GenSight Biologics announced a pivotal regulatory agreement with France's medicines safety agency ANSM that establishes a clear pathway for opening early patient access to its gene therapy LUMEVOQ for treating Leber Hereditary Optic Neuropathy (LHON). The agreement enables expedited consideration of the French named early access program (AAC) upon approval of a focused dose-ranging clinical study.
Regulatory Milestone Achieved
Following extensive discussions, GenSight reached alignment with ANSM on opening the LUMEVOQ AAC program. The French regulatory agency agreed that authorization of a focused dose-ranging study could enable the early access program launch. The company has submitted a preliminary study design to ANSM and aims to finalize the dose-ranging study protocol in Q3 2025.
"In the interest of clearing the way for patients to be treated with LUMEVOQ, we are pleased to have achieved this important agreement with ANSM on a clear path forward for opening patient access to LUMEVOQ in France," said Laurence Rodriguez, Chief Executive Officer of GenSight Biologics. "We are thankful for the ANSM's ongoing engagement and openness to discussion, as we work towards the shared goal of providing access to LHON patients who urgently need a safe and effective treatment."
The AAC program is targeted to open in Q4 2025 at the latest. In parallel, GenSight will collaborate with ANSM to develop solutions for patients who may not be included in the dose-ranging study but could benefit from the early access program.
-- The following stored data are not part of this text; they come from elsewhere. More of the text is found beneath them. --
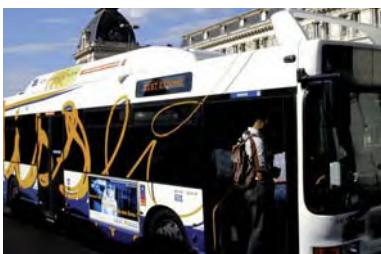
Toulouse : bus Tisséo (au GNV)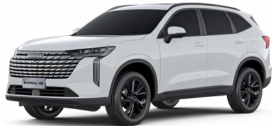
Moonlight White (Metallic)

Wählen Sie den Haval H6, der perfekt zu Ihnen passt. Dafür stehen Ihnen eine Palette eleganter Karosseriefarben sowie zwei Ausstattungsvarianten – Premium und Luxury – zur Verfügung.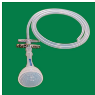
② ソフトバキュームカップ S,M,L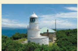
ともがしまとうだい 友ヶ島灯台 明治5年(1872年)にできた洋風建築の灯台です。現在も稼働中です。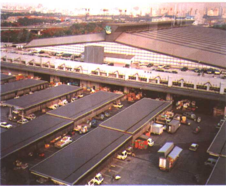
大田市场果蔬部外景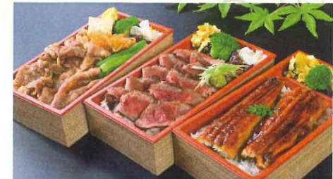
特選すき焼き重 松阪牛ステーキ重 うなぎ重

一の重/松阪牛ステーキ、季節の焼魚、揚物、和え物、 酢物、デザート 二の重/彩りちらし寿司、季節御飯、旬の炊合せ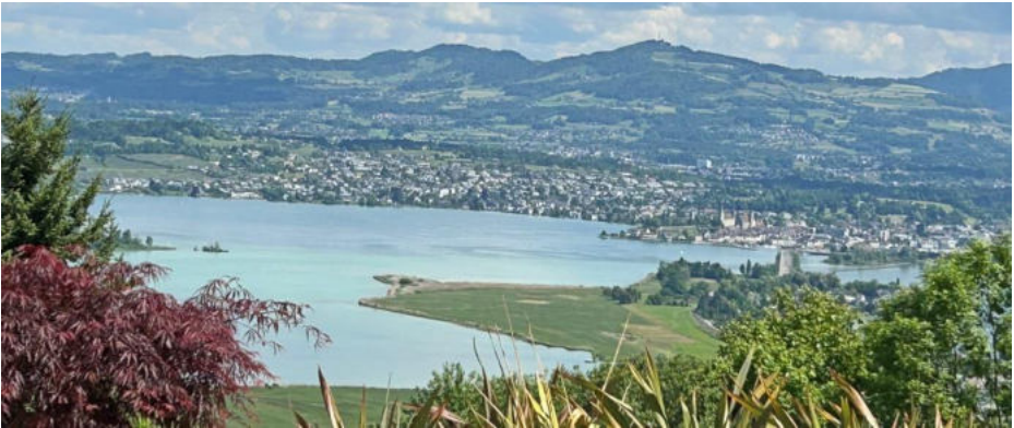
Das Restaurant ist wunderbar hoch über dem Zürichsee gelegen

Die Aussicht von der Terrasse des Restaurants war fantastisch. Man wähnte sich wie auf einem riesigen Balkon über dem Zürichsee, mit Blick auf die Inseln Ufenau und Lützelau, über Rapperswil, das Zürioberland bis zum Bachtel und in die Voralpen. Dabei konnten wir beobachten, wie einige Gäste nicht mit dem Auto, sondern gleich mit dem Privathelikopter anfliegen, denn dieses Restaurant verfügt neben dem Auto-Parkplatz auch über einen Heli-Landeplatz.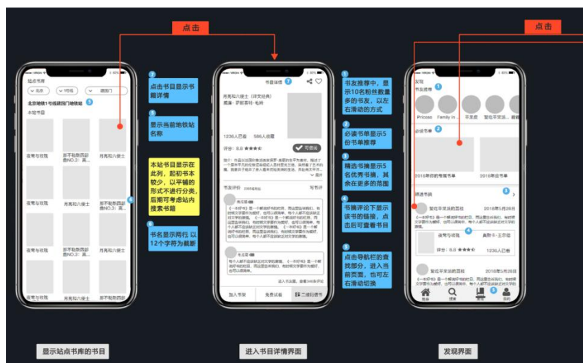
图：手机版原型图示例

要注意的是，原型做的特别好，但是最后你的代码成果达不到原型的标准的话，“甲方爸爸”、“上司领导”、“眼巴巴期待你的用户们”就会有意见了，因此做原型或者原型图的时候也需要考虑实际因素（能力、时间等，以后你们工作了还会有经济因素），确保你们能够在有限时间内用代码实现出原型的样子，或者做的比原型更好（前提是这个“好”是利益相关人的想法，不能仅仅是你或者你团队的想法）

Strategic Timeline and Value Catalysts
GenSight has outlined multiple value-creating milestones for 2025-2026:
- Q3 2025: Clinical trial application for focused dose-ranging study
- Q4 2025: Completion of manufacturing technology transfer and AAC program opening
- Q2 2026: Completion of Phase III trial preparations
- Early H2 2026: Initiation of global Phase III clinical trial and pre-submission meeting with MHRA
Global Development Strategy
Beyond the French early access program, GenSight continues advancing its comprehensive marketing authorization strategy. The company is preparing for regulatory consultations in the US and EU, planning a global Phase III trial scheduled to begin in 2026 designed to meet FDA and EMA requirements.
The company is also completing transition to a new manufacturing partner to secure reliable clinical and commercial supply and advancing preparations for MHRA submission in the United Kingdom.
Financing and Operational Considerations
GenSight is implementing a financing strategy to bridge operations through the AAC program opening and prepare for the global Phase III clinical trial. "We are working on our financing strategy to manage the bridge between now and the opening of the AAC program and the initiation of the Phase III study," commented Jan Eryk Umiastowski, CFO of GenSight Biologics.
The company received €0.7 million of its Research Tax Credit in May, with the remaining €0.4 million expected in July 2025. Based on current operations and projections, GenSight's cash will support operations until mid-July 2025. The company acknowledges that current funds are insufficient to cover operational requirements for the next 12 months, with planned financing initiatives designed to extend the cash runway.
About LUMEVOQ and LHON
LUMEVOQ (GS010, lenadogene nolparvovec) is GenSight's lead gene therapy candidate in Phase III development for LHON, a rare mitochondrial disease that leads to irreversible blindness in teens and young adults. The treatment leverages the company's Mitochondrial Targeting Sequence (MTS) technology platform and is designed to be administered as a single treatment to each eye by intravitreal injection to offer patients sustainable functional visual recovery.
As of June 12, 2025, GenSight Biologics had 131,466,495 outstanding ordinary shares.